Perhaps Banjo did not know how great his influence was over the beach boys. His going away with his instrument left them leaderless and they fell apart. And as a psychological turn sometimes foreshadows a material change, or vice versa, even in obscure isolated cases, the boys felt that something was happening and realized that it was becoming very difficult for them to gain their unmoral bohemian subsistence as before.
They did not know that the Radical government had fallen, that a National-Union government had come into power, and that the franc had been arrested in its spectacular fall and was being stabilized. They knew very little about governments, and cared less. But they knew that suddenly francs were getting scarce in their world, meals were dearer in the eating-sheds and in the bistros, and more sous were necessary to obtain the desirable red wine and white, so indispensable to their existence.
However, some of them had an imperfect commonsense knowledge of some of the things that were taking place in the important centers of the world, and that those things were threatening to destroy their aristocratic way of life. Great Britain’s black boys, for example. They observed that colored crews on British ships west of Suez were becoming something of a phenomenon.
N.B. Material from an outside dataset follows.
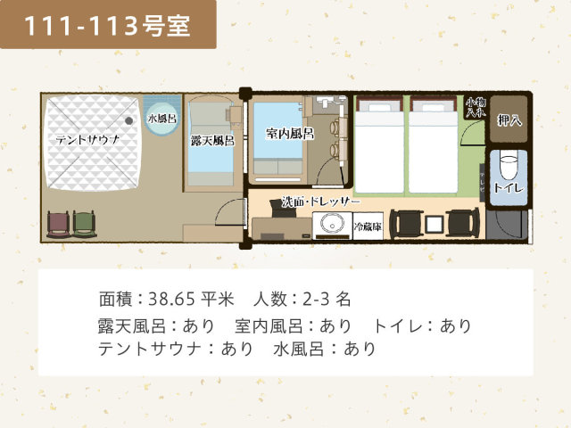 ■111-113号室■テントサウナ・水風呂・内風呂&露天風呂付き客室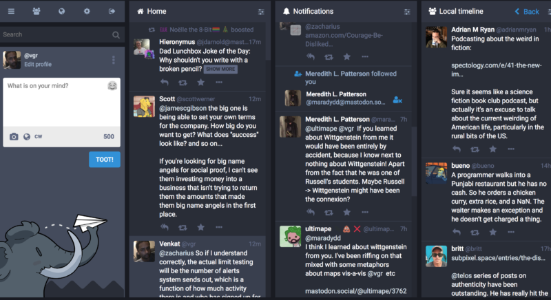 The interface and baseline mechanics of the user experience are deceptively similar to Twitter. At first, the differences seem insignificant:- Toots (the analog of tweets) can be up to 500 characters, can feature content warnings, and have controllable visibility so they can be global, local, or personal (like DMs).

Even the colored crews on the Mediterranean coal ships, of which they had a monopoly in the past, were being replaced by white crews. The beach boys felt the change, for the white crews would not feed them the leftover food.
The beach boys were scattered and broke. Goosey and Bugsy had joined a gang of Arab and Mediterranean laborers and were sent by a municipal agency to work in an upcountry factory. Ray had no money. He owed rent on his room and could not obtain any money by either begging, beseeching, versifying, or storytelling.
Latnah solved the situation by proposing that she, Ray, and Malty should go to the vineyards to work. The agencies wanted hands. The pay was about thirty francs a day, with free board and lodging and plenty of wine. They could save their wages to return to Marseilles. The harvesting would last about a month.
Ray jumped at the idea. He had been just about fed up with the Vieux Port when he met Banjo. The meeting and their friendship had revived his interest. Now that Banjo was gone and the group dispersed, the spell was broken and he felt like moving on. He tried to get Ginger to go along. But Ginger, as an old-timer on the docks, preferred to stay and take his chances with Dengel.